- Сегодня Представляем
«Ромам мало что прощается», — Аурика Калдарарь о жизни в гетто, голодовке и предрассудках
Жительница Единец Аурика Калдарарь, пересказывая историю своей семьи — кочевых румынских ромов, рассказывает о гетто в Транснистрии, пережитой голодовке и о непростой жизни уже в наши дни. Она утверждает: «В жизни ромов было много страшных и очень страшных страниц, но о трагедиях прошлого мы вспоминаем редко, чтобы не копить в сердцах обид, чтобы не озлобиться. Чтобы выжить, ромы стараются каждый новый день начинать с чистого листа, не держать в памяти плохое».
Из рода кочевых
Аурика Калдарарь родилась в румынском городе Брашове в 1940 году в семье кочевых ромов, она рассказывает:
— Фамилия моего рода по отцу была Иванов. Весь мой род — деды, прадеды, никогда не жили на одном месте, нигде не имели своего дома. Они колесили по свету и всегда жили в кибитках. Зарабатывали старинными цыганскими ремёслами: мужчины нашего рода хорошо знали кузнечное дело. Железо крепкое, оно долго служит людям, каждый день нужды в кузнеце и его работе у людей нет, может, поэтому стали мои прадеды в поисках заработка кочевать по сёлам и городам. Они подковывали лошадей, с помощью походных наковален занимались изготовлением лопат, грабель, топоров, тяпок, ножей, колодезных цепей, буров, железных крючков и крючьев. Женщины нашего рода гадали, этот дар передается в роду по женской линии. Иногда, чего уж, и попрошайничали. Таким был наш род от самого зарождения, до Второй мировой войны.
У отца и матери нас было восемь детей, я из младших.
Именно потому, что я была очень маленькой, самую большую трагедию своего рода я знаю по рассказам отца. Слава Богу, что практически ничего из той страшной жизни не помню, ведь когда нас депортировали из Румынии, мне было от двух до трех лет.
Цыганский ад на Земле
— Мой отец, Василий, говорил, что депортировали из Румынии в первую очередь ромов, которые, как мы, не имели своего дома и постоянной работы. Папа мне рассказывал, что сначала никто из румынских властей не говорил, что ромов планируется изгнать, чтобы уничтожить. Наоборот, когда властями Румынии ромам было велено всем вместе отправляться через Молдавию за Днестр, в Транснистрию*, румыны говорили, что нас решено переселить в новые румынские земли, и раз мы кочующее племя, нам легче будет наладить жизнь в новых землях, которые после победы станут частью «Великой Румынии», где мы будем иметь гражданство и будем уважаемыми.
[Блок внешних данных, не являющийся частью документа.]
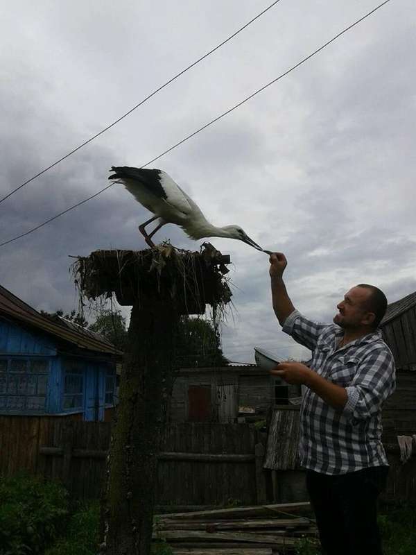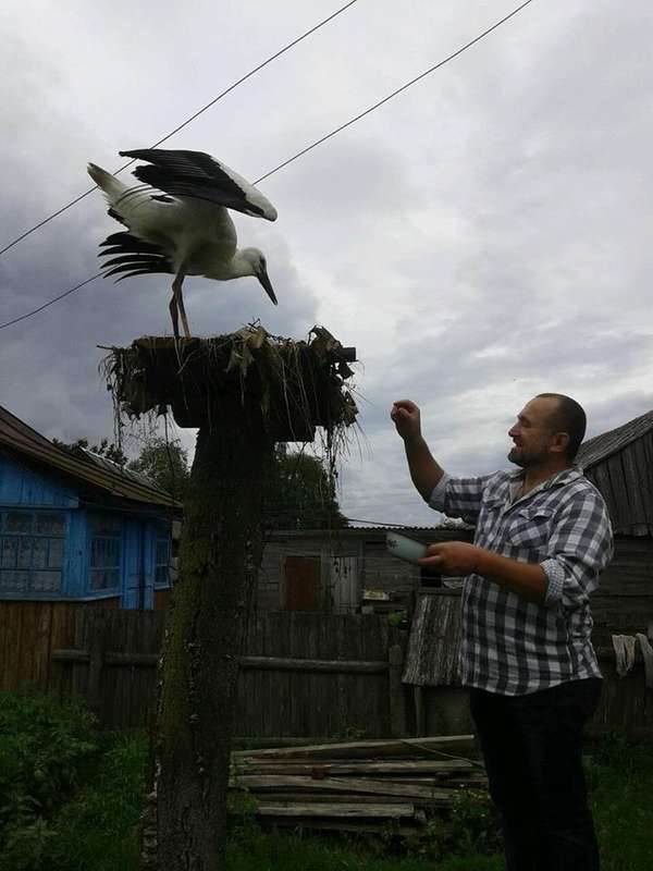 «У мами в селі лелеченя випало з гнізда… Зробили йому особисте гніздо і підгодовуємо. Особливо полюбляє салаку. Кормити з рук найулюбленіша справа», – поділився історією Олександр Приступа.

И вот весной 1942 года в Румынии всем ромам, и кочевым, и оседлым, приказали в определенный день явиться на сборный пункт. Кто не являлся по своей воле, на тех организовывали облавы, их могли убить без суда, ведь была война, несогласных расстреливали на месте. Отец говорил, что нельзя было ослушаться, не было смысла протестовать.
Наша семья, родители и 8 детей, была вынуждена отправиться по предписанию румынских властей. Ехали на своей кибитке через Молдавию. Отец, вспоминая те времена, говорил, что несколько раз пытался свернуть с маршрута и затеряться, переждать смутное время в каком-нибудь селе, но жандармы следили за тем, чтобы цыганские повозки следовали строго по маршруту. Когда въехали на молдавскую территорию, отцу сказали, чтобы он двигался вместе с другими телегами и бричками большим обозом. Путь был долгим и тяжелым. Мы ехали в кибитке, а другие в открытых повозках. Многие из переселенцев от болезней умерли еще в дороге.
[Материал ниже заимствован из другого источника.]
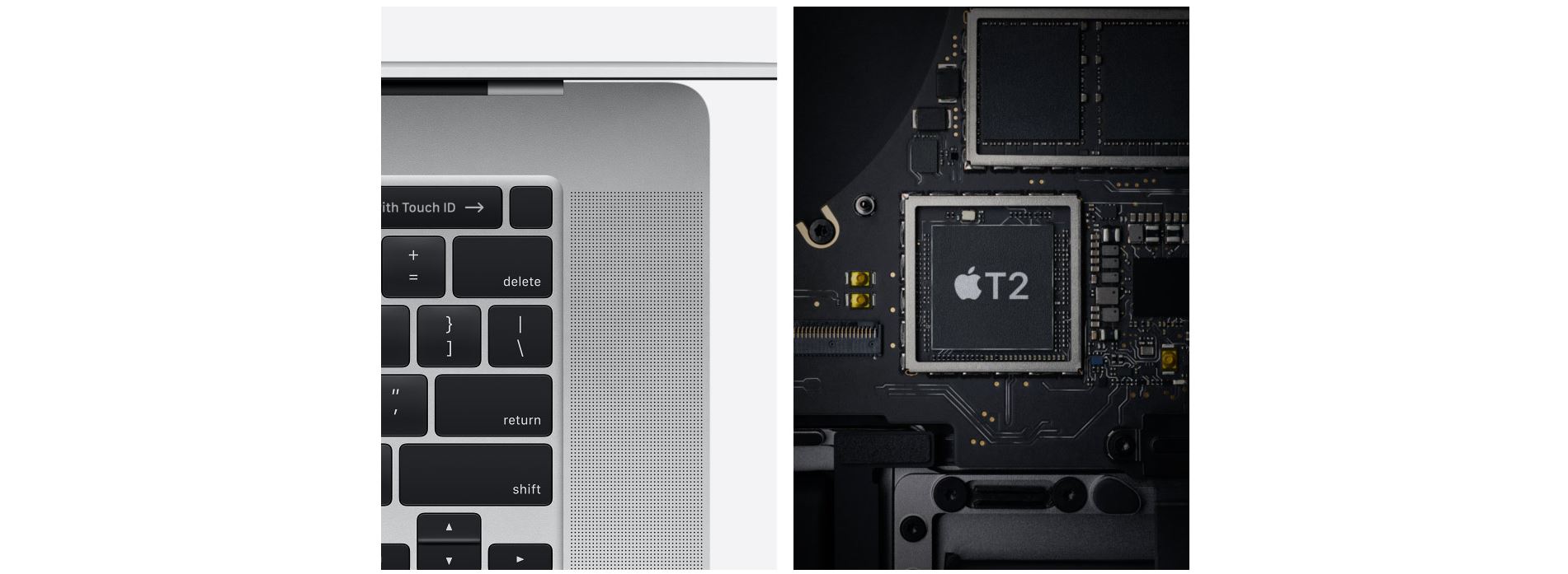 Každý MacBook Pro má Apple T2 Security – druhou generaci speciálního čipu, který jsme vyvinuli, aby byl Mac ještě bezpečnější. Jeho součástí je koprocesor Secure Enclave, který slouží jako základna pro Touch ID, zabezpečené startování systému a šifrované úložiště. Taky je v něm zkonsolidováno několik samostatných řadičů, například řadič řízení systému, řadič zvuku nebo řadič SSD úložiště.

Так мы своим ходом и добрались до Транснистрии, но попали в самый настоящий цыганский ад на земле.
Тогда немцы часть обоза разместили под Тирасполем, а нашу семью с другими сначала пригнали в Сумовку. Рядом, в нескольких селах на Буге, Кошаринец и Крушиновка, тоже, оказывается (это потом узнал отец), поселили ромов.
Поначалу, говорил отец, ромам-переселенцам и вправду предложили работу — в бригадах надо было обрабатывать землю и выращивать урожай. Вот только ничего для жизни людей там предложено не было: ни еды, ни одежды, ни жилья. Ведь вокруг была война, везде разруха, всюду, куда ни посмотри, беда. Местные жители нас приняли в штыки, они даже женщин с детьми не пускали на постой, не продавали даже за деньги еду. Никто ромов не считал за людей, никто не жалел, и нам было велено, раз нет свободных домов, жить как всегда жили в кибитках.
Поэтому наши ставали таборами. Дети спали в кибитках и телегах, взрослые и родители спали на земле под кибитками и зимой, и летом. В семьях ромов много детей, а еды выдавали мало, и плохую. Папа говорил, что очень много именно детей из-за плохих условий жизни болело и умирало.
Конечно, чтоб выжить и накормить детей, ромам приходилось воровать и попрошайничать. За это сильно, до смерти, били жандармы, полицаи. Чтобы не умереть от голода, приходилось искать еду на полях. Родители сами шли и нас брали: осенью, после сбора урожая, и дети, и взрослые часами ходили по уже убранным полям местных жителей, выискивая незамеченные ими кукурузные початки или хоть зернышки, собирали и приносили родителям кочерыжки от срезанной капусты, найденные в земле мороженные картофелины, морковки, луковички. Я смутно припоминаю вкус похлебки из этих продуктов, и то, как сначала мы, дети, садились вокруг большого казана с ложками, набрасываясь на еду. А после нас — что оставалось, уже ели взрослые. А еще помню, как ребенком я сильно мерзла, как от мороза белели пальцы, пока с братьями искали под снегом травинки. Травинки ели, потом маялись животами, нас рвало, плакали, а утром от голода снова разгребали снег в поисках ростков померзшей травы.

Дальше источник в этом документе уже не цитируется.